Brace yourself for lower gold prices.
A technical analyst advises investors to sell their gold holdings now because no more rally is expected.
In written remarks to CNBC on Monday, Oppenheimer’s Ari Wald said bullion’s recent breach of its long-term downtrend reminds him of 1999, when gold rose powerfully in a short period of time to break out of a period of progressively lower prices.
“While that certainly set up a better trading environment, it wasn’t off to the races in 1999,” Wald said. (Source: “For gold, it’s 1999 all over again: Technician,” CNBC, March 15, 2016.)
A similar chart pattern has unfolded itself this time around, he said. Consequently, he predicts only mild gains at best for the yellow metal for the remainder of the year.
“There are signs of selling pressure at $1,280,” he said, adding that he is not exactly bearish on gold, either—citing support on the chart just below $1,200.

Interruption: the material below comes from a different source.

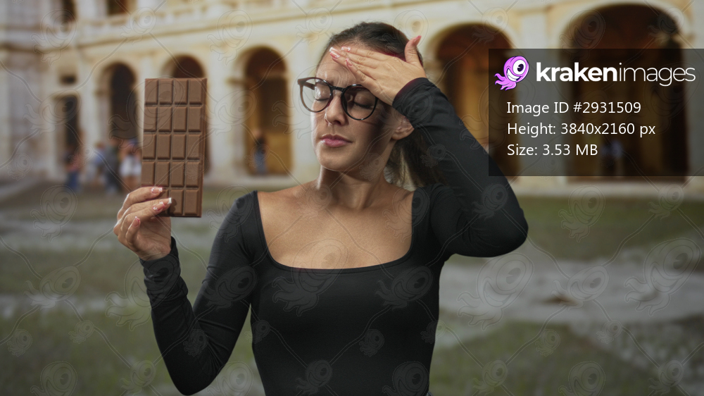 Woman holding chocolate bar in building courtyard with hand to forehead and closed eyes grimace; taste rejection disgust.

Since the beginning of the year, gold has gained 18.5%, making it the 2016 best-performing investment. The metal touched a one-year high of $1,287.80 on March 11.
Another analyst, on the other hand, believes the current environment is bullish for gold prices.
“In a day and age where cash doesn’t yield anything, gold looks very, very attractive, and I think that’s why you’re seeing this very strong bid underneath gold,” Boris Schlossberg of BK Asset Management told CNBC on Monday.
Schlossberg recommended buying the popular SDPR Gold Trust ETF (NYSEArca:GLD), which has seen massive inflows this year. GLD was hovering around $120.50 on Wednesday. (Source: Ibid.)